• _Raw data_
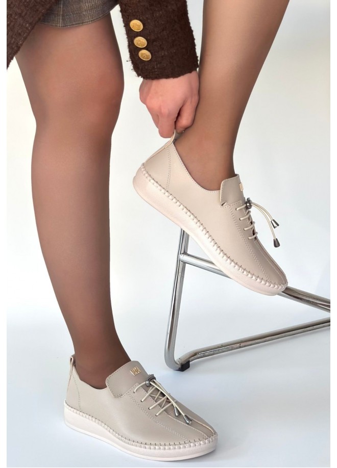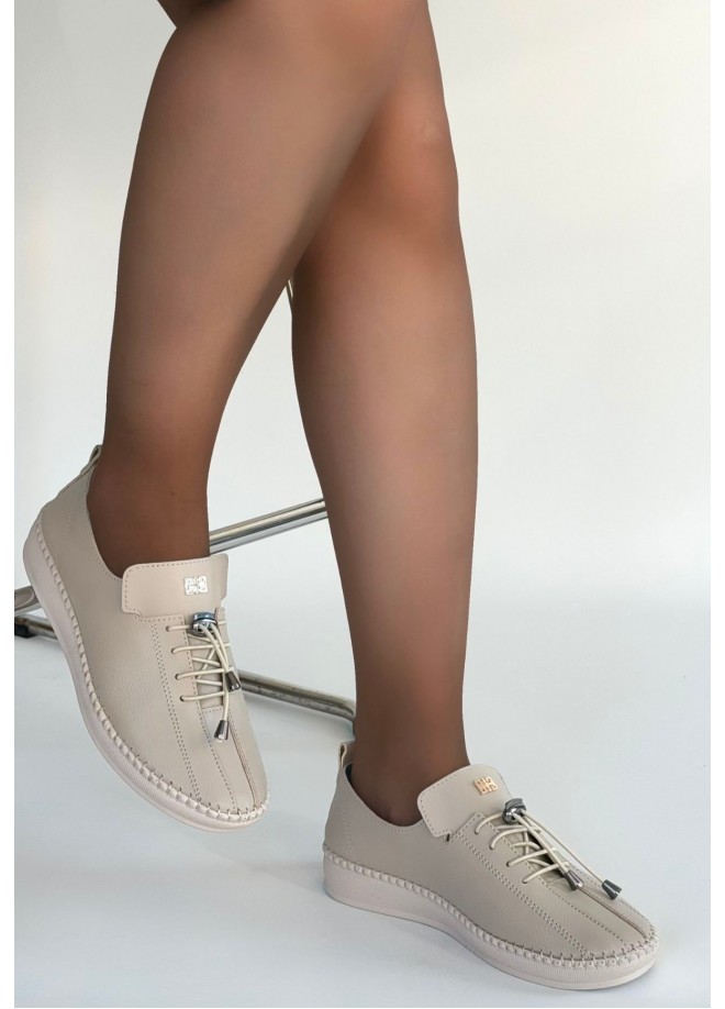 Warte Bej Deri Bağcıklı Spor Ayakkabı
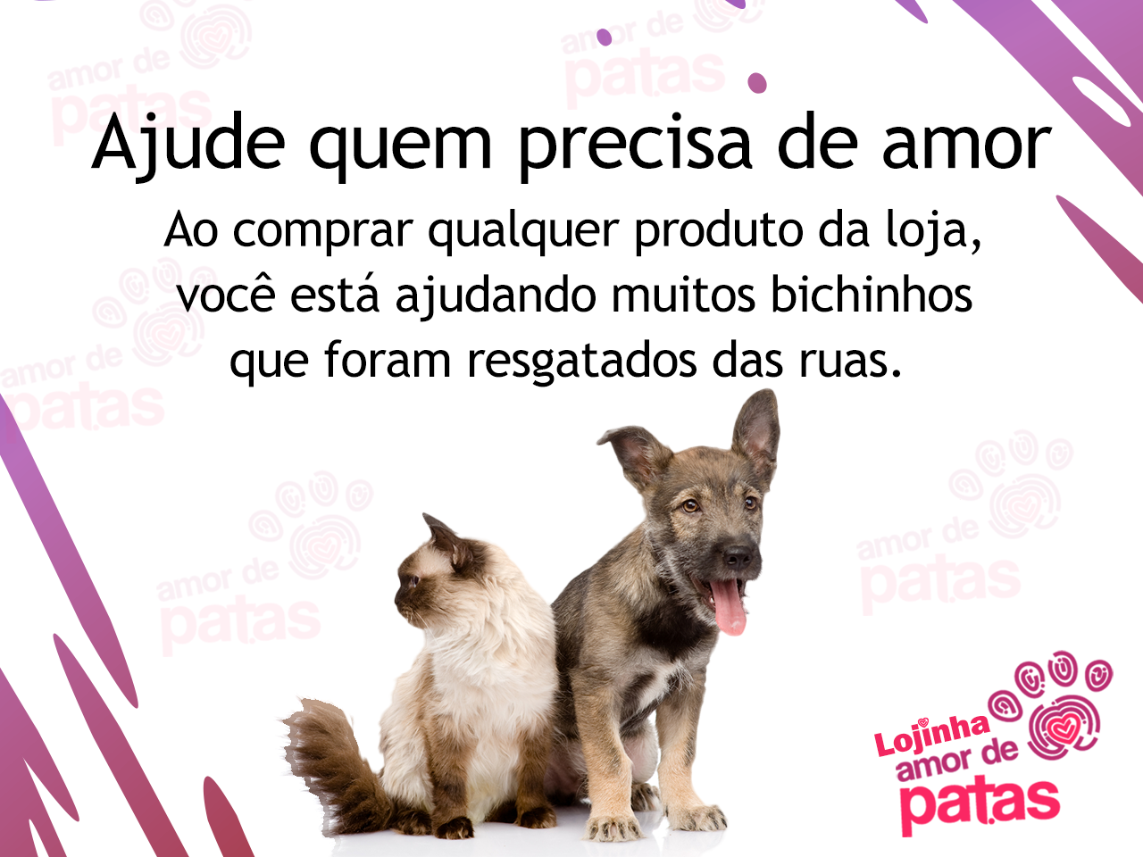 Bem-vindo à lojinha virtual do Amor de Patas. Aqui você poderá adquirir todos os nossos produtos personalizados e nos ajudar a continuar salvando vidas.
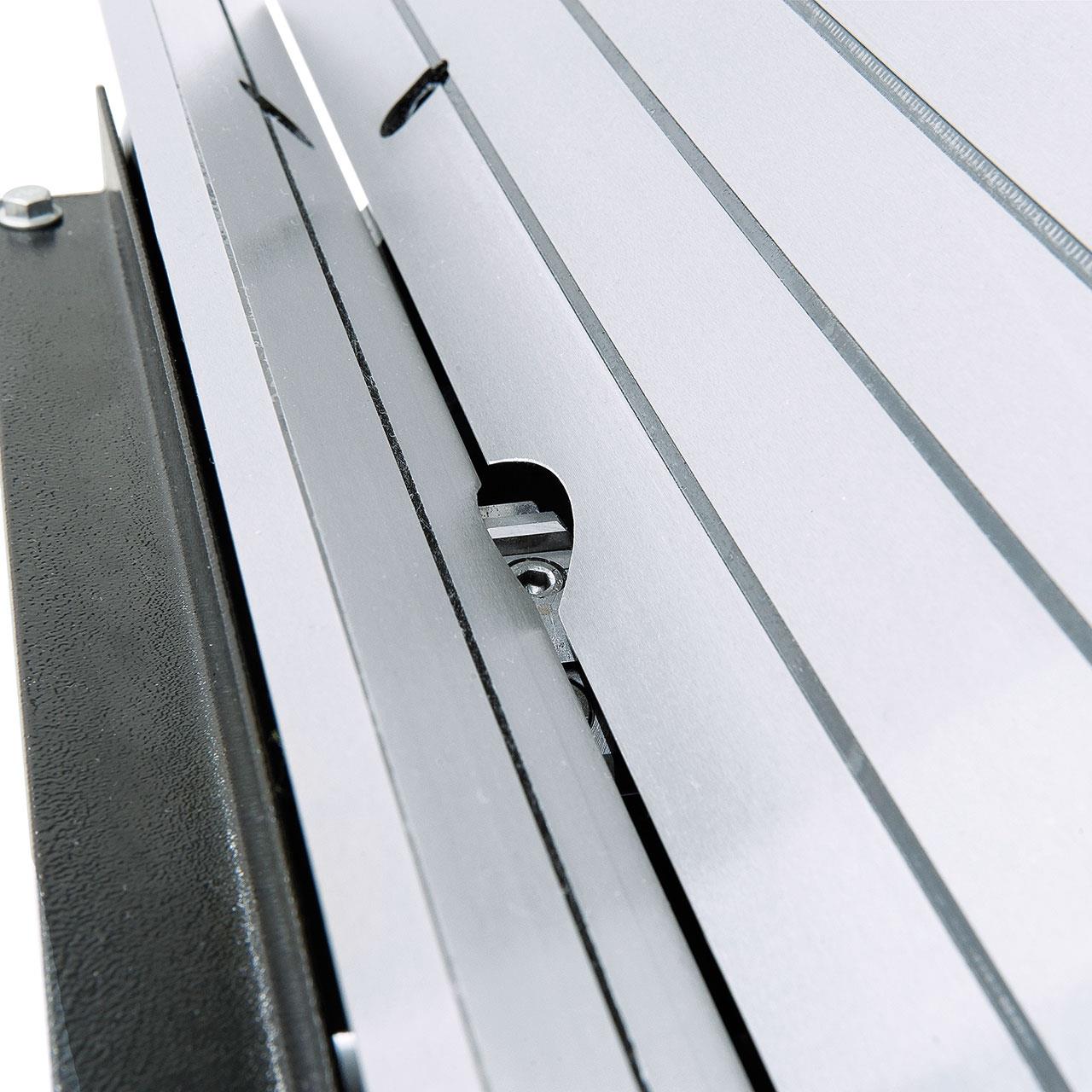 Großdimensionierte Führungsleiste für ein sicheres Auflegen des Werkstückes.

• _Exercise goal_
Output each line above exactly. Skip the images.

• _Exercise solution_
 Warte Bej Deri Bağcıklı Spor Ayakkabı
 Bem-vindo à lojinha virtual do Amor de Patas. Aqui você poderá adquirir todos os nossos produtos personalizados e nos ajudar a continuar salvando vidas.
 Großdimensionierte Führungsleiste für ein sicheres Auflegen des Werkstückes.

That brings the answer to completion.